Adherence to directions should be followed in the future as a result of the above discussion-
That serious illness after the conviction will be a relief to the appellate court, in appropriate cases, which must be considered when sentencing the respondent to the death penalty.
The diagnosis of such a disability should be performed by a team that specializes in trained specialists (experienced doctors, criminologists, etc.), including professionals with knowledge of the respondent's specific mental illness.
The burden is on the defendant to prove inconsistent with clear evidence that he has a serious mental illness.

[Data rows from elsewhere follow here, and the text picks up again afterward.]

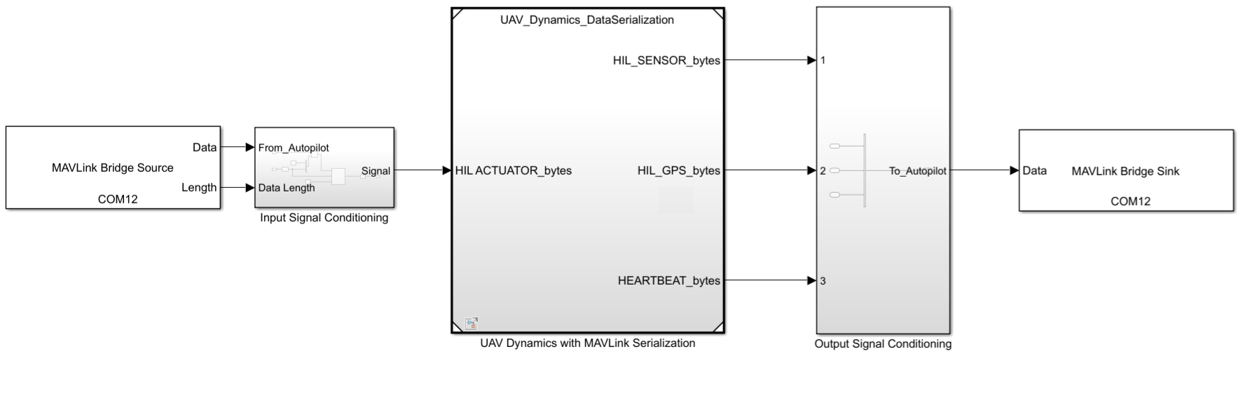 • Input Signal Conditioning - Conditions the signal from the autopilot based on the data length and reshapes it into the input to the UAV Dynamics with the MAVLink Serialization subsystem.
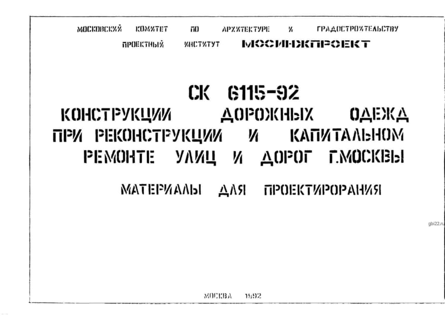 • Особенности усиления оснований и покрытий Актуальные стандарты СК 6115-92 помогают инженерам и проектировщикам создавать долговечные и безопасные дорожные одежды, соответствующие требованиям Москвы. Оптимальный выбор для специалистов в сфере дорожного строительства.
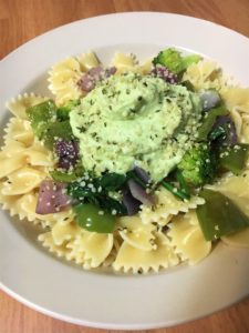 This sauce has a kick to it. The combination of garlic, Parmesan cheese, and lime juice really amps the flavor up! It was a hit with every member of my household – I let them stick their fingers in the food processor after I poured all the sauce out 😉 Although this is meant as a sauce, it can be used as a dip for veggies if you’re feeling fancy! So get to processing and enjoy this beautiful, green goodness!
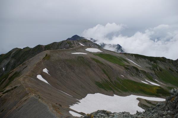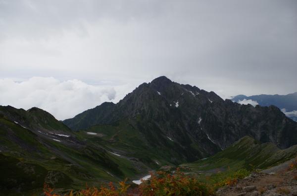 雷鳥沢を登るか立山三山経由で行くか迷いましたが、時間もあるしたまには立山も行かないとと思い縦走することにしました。小雨でしたが時折雲の切れ間から薬師岳方面が見えたりしてチョット得した気分に慣れました。
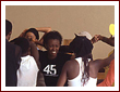 Imbuto-Gruppe im Paddler-Einheitslook die T-Shirts an die Jugendlichen von Kimisagara. Dies stärkt das Gefühl einer gemeinsamen Identität und der
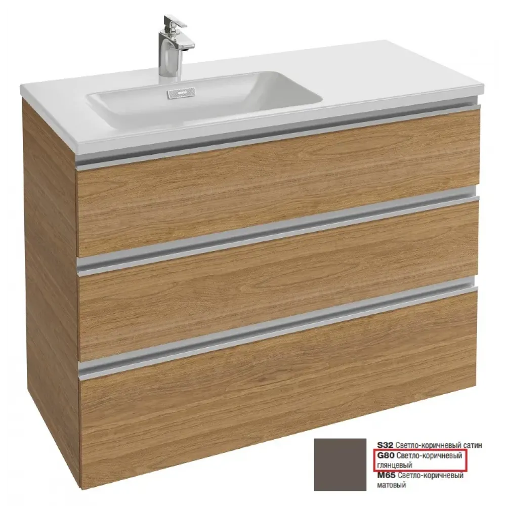 Модуль под раковину Vox 100х46х73,5 см, светло-коричневый блестящий, для левосторонней раковины, 3 выдвижных ящика, встроенные ручки EB2045-RA-G80 Jacob Delafon
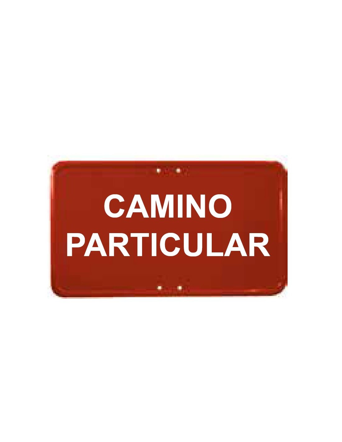 Señal roja: PROPIEDAD PRIVADA PROHIBIDO EL PASO, CAMINO PRIVADO PROHIBIDO EL PASO, PROPIEDAD PRIVADA, CAMINO PARTICULAR.
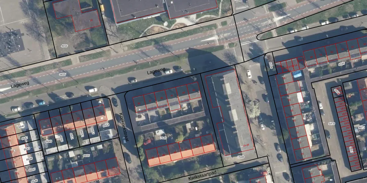 Het perceel waarop Lageweg 43 staat heeft een oppervlakte van 2265 m². Dit is een zeer groot perceel. De perceeloppervlakte wordt geregistreerd door het Kadaster. Gedetailleerde informatie over de maten van dit perceel kunt u vinden in het rapport Kadastrale kaart met maatvoering van Lageweg 43.
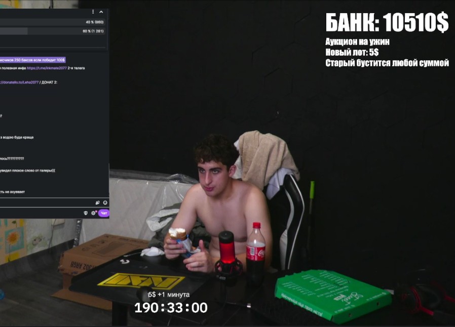 Если бан на твиче, то заканчиваем и это не поражение. Если кого-то придется госпитализировать то остальные достримят(главное чтобы один из нас оставался на острове). Сумма минуты будет меняться раз в сутки. Аукцион на еду 1 раз в сутки Аукцион на предмет 1 раз в сутки
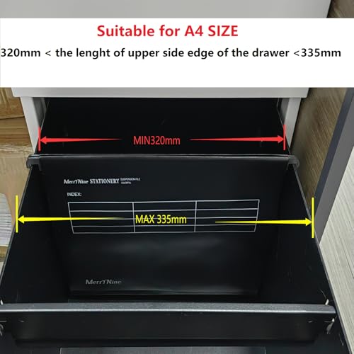 - ✅*VERY important * Please measure the required size before purchasing. Only applicable to A4 files or A4 cabinets. Our distance from the center of the rail to the center of the rail is 330mm. Please measure the width between your two rails – "Filing Pitch": This is the width between the two rails in the cabinet, and the bar will be located on Filing Pitch, preferably 330mm. There is also a certain range of swing that can be applied to rail to rail dimensions ranging from 320mm to 335mm
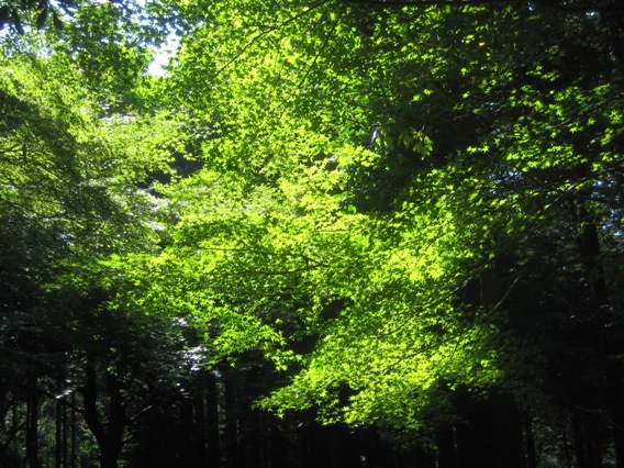 森林公園の木もれび!!約3時間のウォーキング森林浴が出来て最高!!かえでの木の緑が鮮烈だ!!
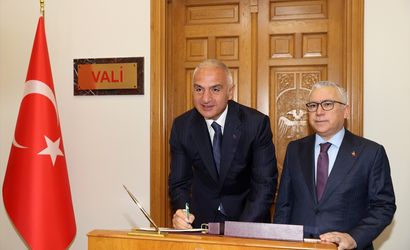 Kültür ve Turizm Bakanı Mehmet Nuri Ersoy (sol 3), çeşitli programlara katılmak üzere Sivas'a geldi. Ersoy, Sivas Valiliğini ziyaret etti. Bakan Ersoy'a ziyaretinde TBMM AK Parti Grup Başkanı Abdullah Güler de (sağ 2) eşlik etti.

The defendant must show functional, residual, and deformed symptoms that indicated significant mental retardation.
The state may provide evidence to refute such claims.
The court may, in appropriate cases, establish a tribunal to send an expert report.
The 'difficulty test' contemplated herein implies that the offender must be mentally ill or severely disabled, which means that obviously, the illness needs to be so serious that the respondent cannot understand or understand the nature and purpose of this punishment.
Having said that, it should be noted that the respondent has submitted a report to Class 1 Psychiatrist, Jerawada Central Prison, indicating that he has a certain mental illness without giving any reasons for such an examination.
According to the above discussion, the petition was allowed to the extent that the death sentence given to the petitioner is commuted to imprisonment for the remainder of his or her life without the right to pardon.
In addition, the situation of 'suspect X' compels the state to act as parens patriae. In this case, 'respondent X' cannot be ignored and left to rot. To address this, the Mental Healthcare Act, 2017. The Act seeks to provide mental health facilities to those in need, including prisoners.
Related Case Laws -
For a more simple understanding, refer to the article " Do Mentally-ill People Have Any Right? " by clicking the button below.